CINCINNATI — A new study reveals a potential fix for one of the deadliest side effects of immune checkpoint inhibitors, drugs that have reshaped cancer care since 2011. These medications, including blockbuster names like Keytruda and Opdivo, unleash the immune system on tumors. But in roughly 2% of patients, they trigger myocarditis, an inflammation of the heart muscle that kills about half of those affected.

Scientists at Cincinnati Children’s report they engineered a mouse model mimicking this exact complication. Their experiments zeroed in on CD8 T cells producing tumor necrosis factor, or TNF, as the main culprit. Those T cells turn autoreactive, attacking healthy heart cells alongside cancer ones.

Blocking TNF signaling through the TNFR2 receptor halted the heart damage entirely in the mice. The anti-tumor effects stayed intact. Details appear in the Journal of Experimental Medicine on Feb. 20, 2026.

“This study makes a very important discovery that shows how to uncouple anti-tumor efficacy from cardiac toxicity,” said Chandrashekhar Pasare, DVM, PhD, director of the Division of Immunology at Cincinnati Children’s. Pasare co-led the work with Jeffery Molkentin, PhD, director of the Division of Molecular Cardiovascular Biology. MD-PhD student Kathrynne Warrick served as first author.

Immune checkpoint inhibitors work by disabling proteins that let tumors evade T cells. The first one, Yervoy, won U.S. approval for metastatic melanoma that year. Its pioneers, James Allison and Tasuku Honjo, claimed the 2018 Nobel Prize in Medicine for the breakthrough.

ICI-related myocarditis strikes fast, often causing fatal arrhythmias. The Cincinnati team showed it stems from TNF-driven T cells targeting cardiac antigens, not from tumors wearing out anti-cancer immunity. They tested TNFR2-specific blockade, a precise intervention now in early antibody development.

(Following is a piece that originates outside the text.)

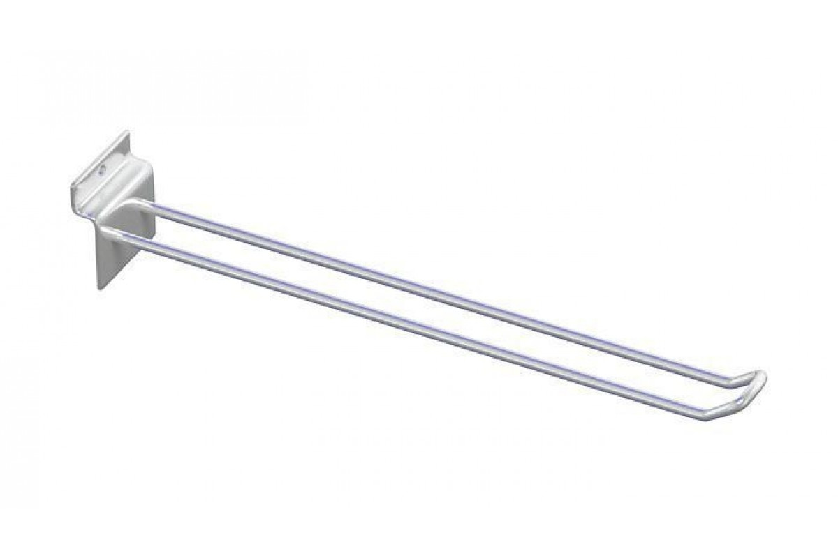 Еврокрючок хромированный. Мало где описаны преимущества двойных крючков (еврокрючки). В основном еврокрючки идут на экономпанель и могут использоваться для всех видов товара. Такая конструкция: экономпанель + еврокрючок очень устойчивая и может выдержи
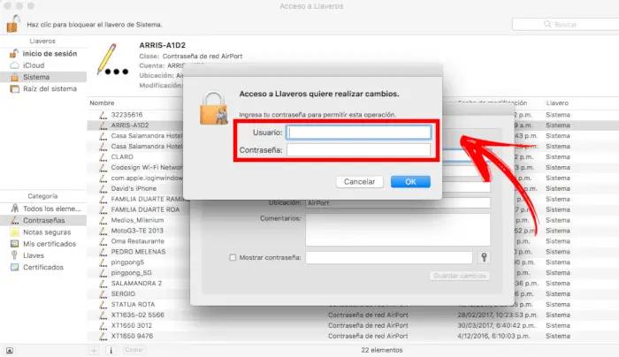 - Cliquez sur le nom du réseau et accédez au trousseau , sélectionnez dans la fenêtre pop-up les détails de l’option sur le réseau que vous avez sélectionné, et choisissez » Afficher le mot de passe «.

“Checkpoint inhibitors allow TNF signaling to trigger CD8 T-cells that are specific to antigens on cardiac myocytes, which in turn leads to life-threatening arrhythmias,” Molkentin said. “We used a targeted TNF blockade method to prevent this cycle in our mouse models. If these results can be replicated in humans, TNF blockade should prevent cardiac toxicity without compromising the anti-tumor benefits of ICIs.”

The findings could extend beyond hearts. Researchers plan to test if similar TNF tactics shield other organs from ICI side effects, which hit lungs, skin and intestines too. Human trials hinge on proving safety for focused TNF inhibitors and nailing optimal dosing duration.

Cancer patients now live longer thanks to ICIs. Drugs like Keytruda, from Merck, and Opdivo, from Bristol Myers Squibb, rack up billions in sales yearly. Yet the heart risk has shadowed their success. This mouse data offers a first clear path around it.

Pasare’s team published under the title “Immune checkpoint inhibitor-induced myocarditis is dependent on CD8 T cell-derived TNF and TNFR2 signaling.” The DOI is 10.1084/jem.20251717.